• _To do_
The listing below is to be given again in full and word for word, without its images.

• _Supplied material_
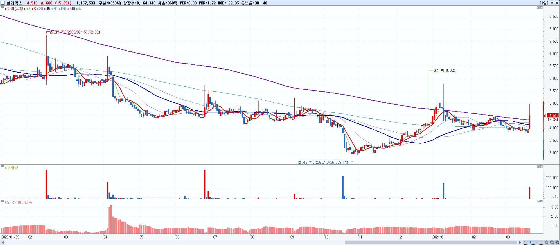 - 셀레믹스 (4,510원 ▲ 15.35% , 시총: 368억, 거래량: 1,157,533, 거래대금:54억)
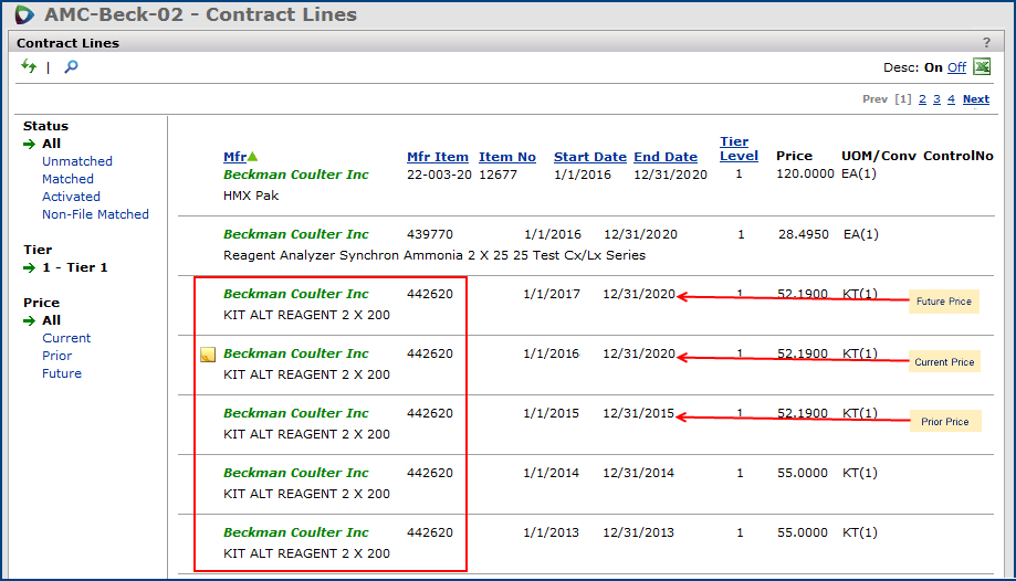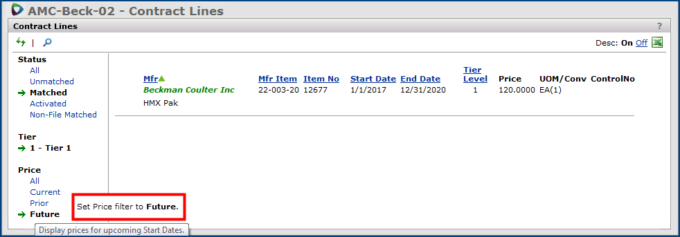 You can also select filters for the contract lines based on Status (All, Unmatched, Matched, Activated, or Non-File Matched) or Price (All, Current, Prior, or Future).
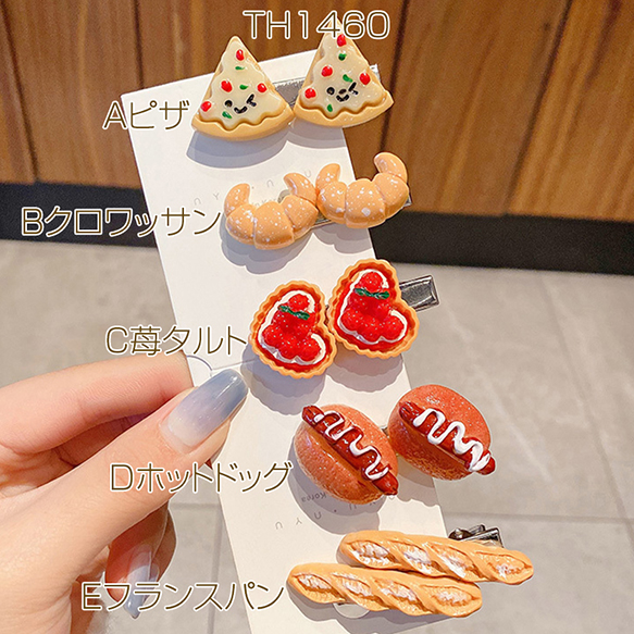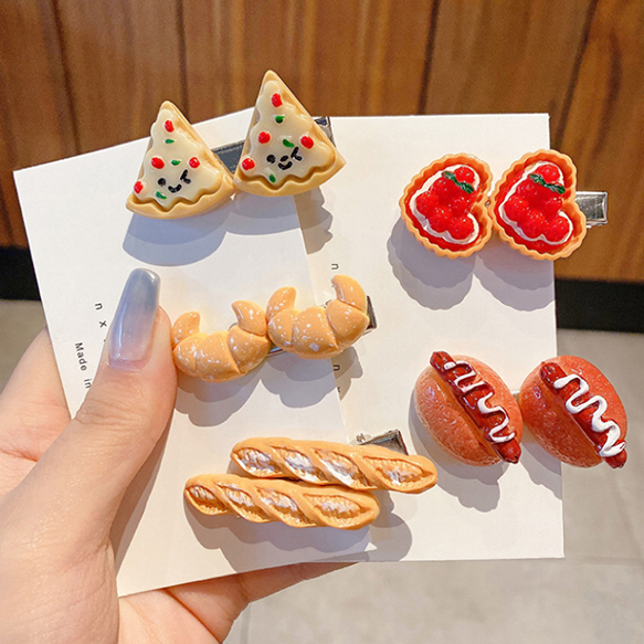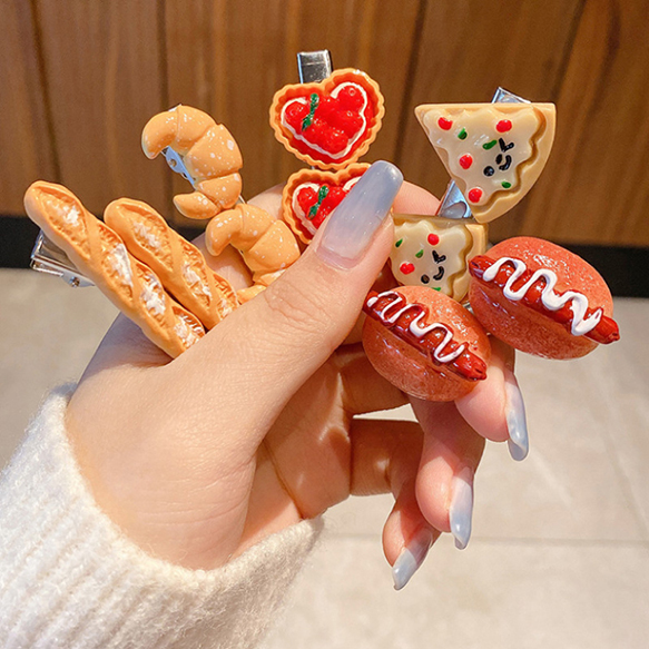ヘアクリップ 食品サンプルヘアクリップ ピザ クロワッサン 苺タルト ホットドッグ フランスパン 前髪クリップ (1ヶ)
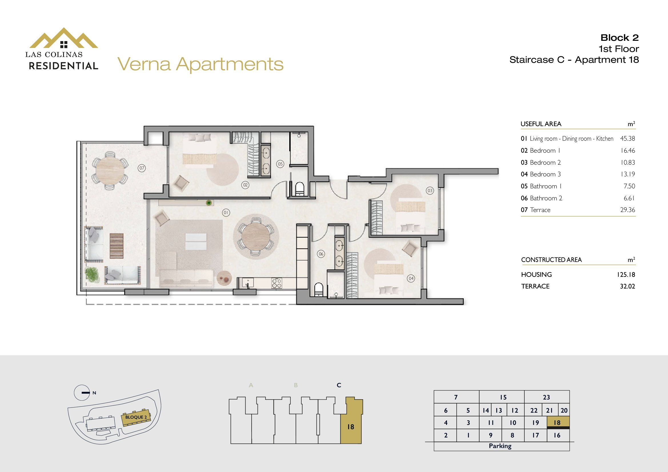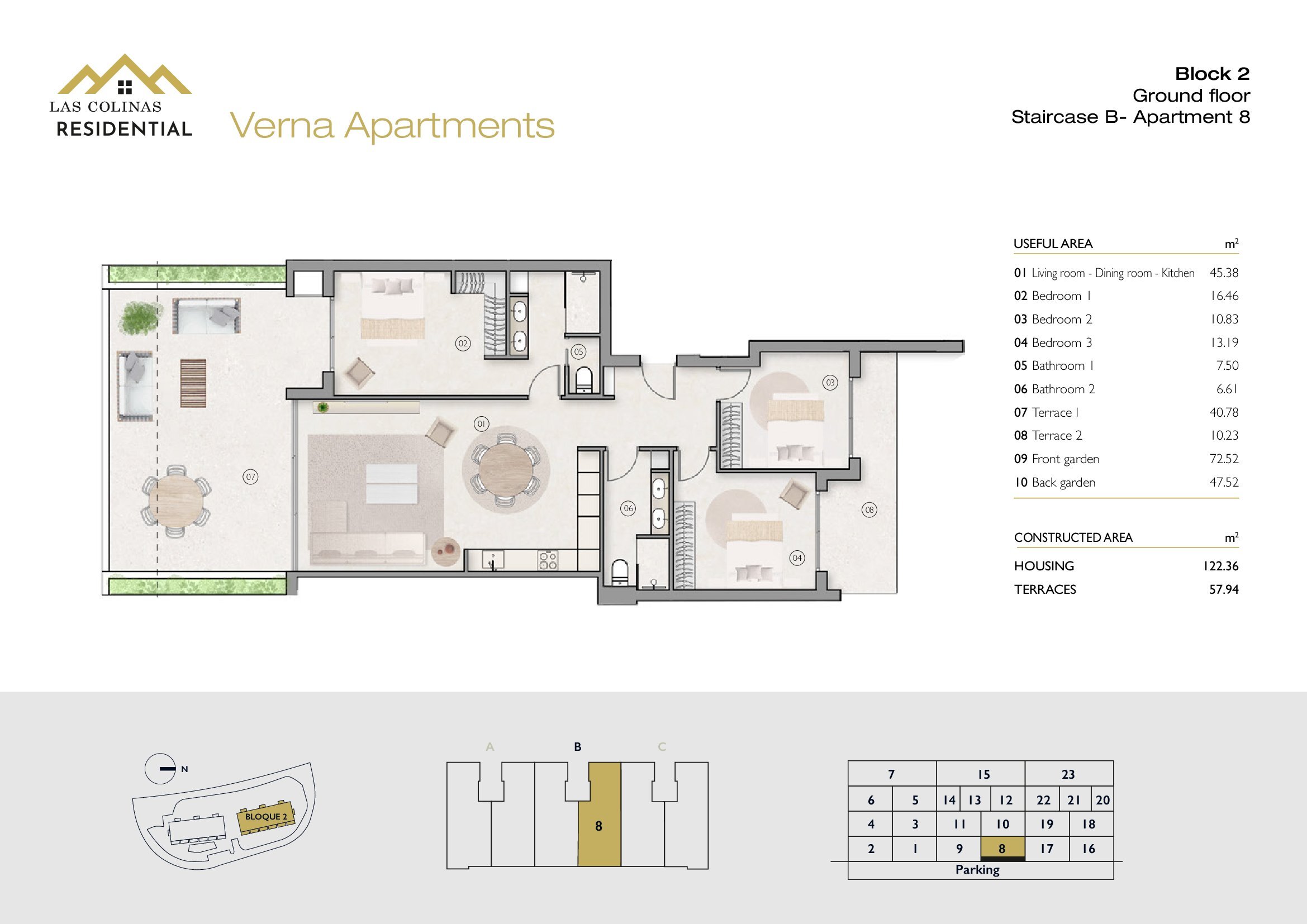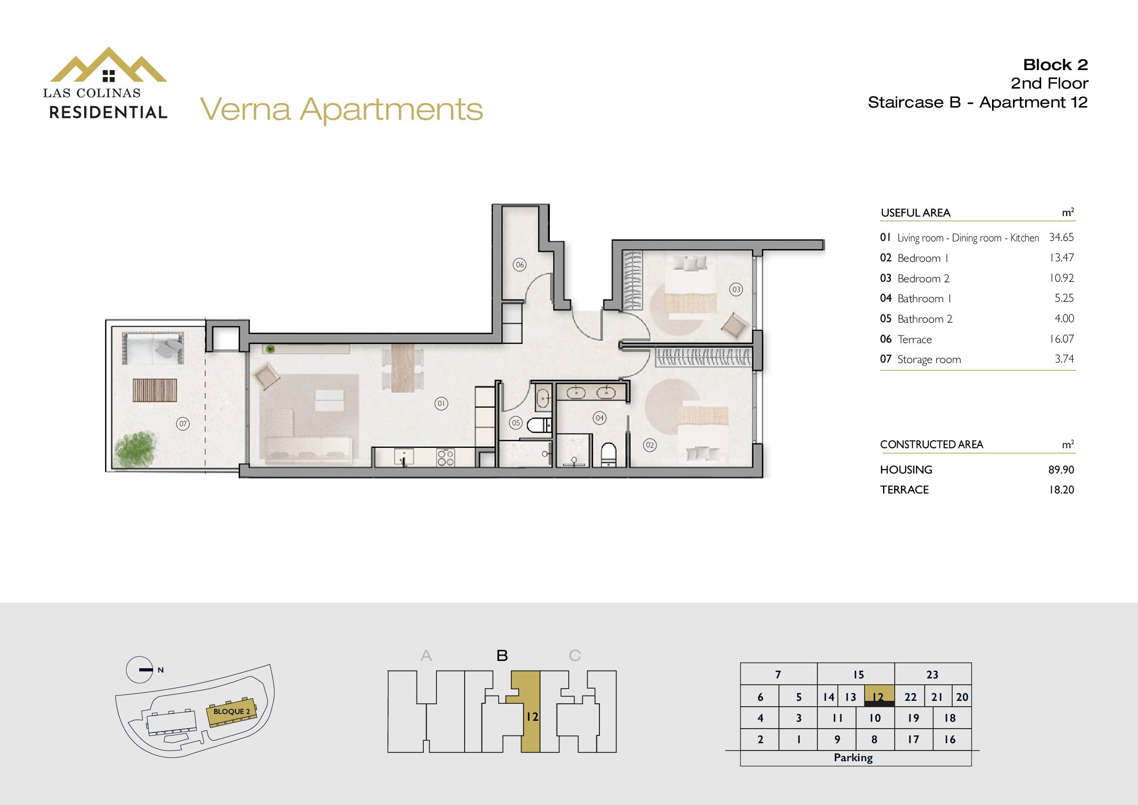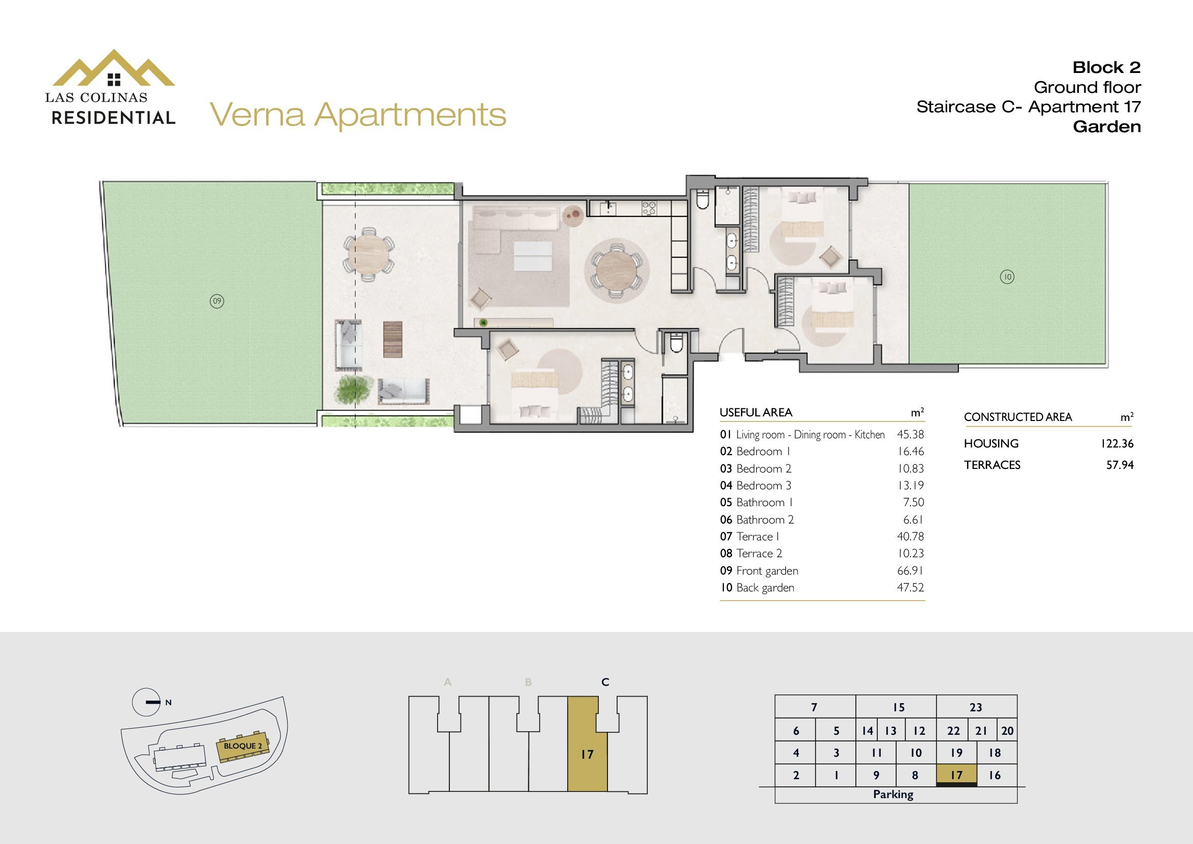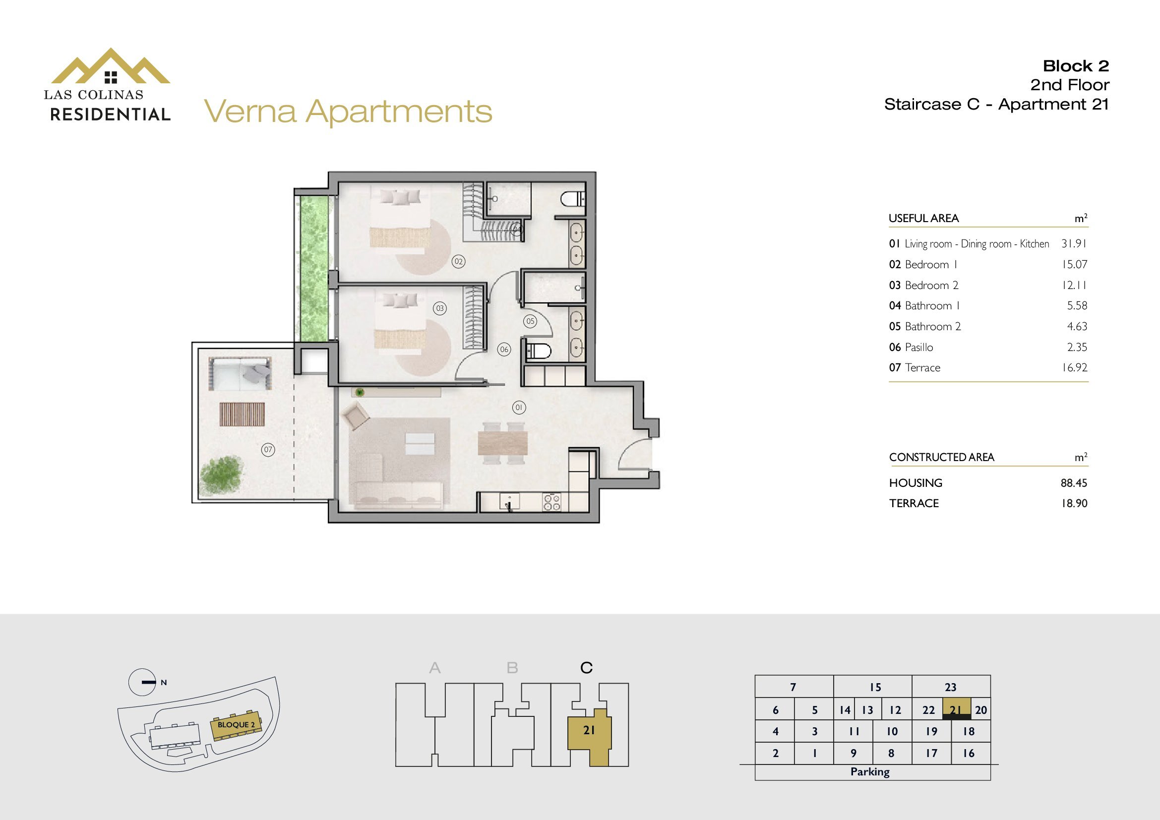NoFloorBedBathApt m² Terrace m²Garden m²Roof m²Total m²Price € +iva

• _Answer box_
 - 셀레믹스 (4,510원 ▲ 15.35% , 시총: 368억, 거래량: 1,157,533, 거래대금:54억)
 You can also select filters for the contract lines based on Status (All, Unmatched, Matched, Activated, or Non-File Matched) or Price (All, Current, Prior, or Future).
ヘアクリップ 食品サンプルヘアクリップ ピザ クロワッサン 苺タルト ホットドッグ フランスパン 前髪クリップ (1ヶ)
NoFloorBedBathApt m² Terrace m²Garden m²Roof m²Total m²Price € +iva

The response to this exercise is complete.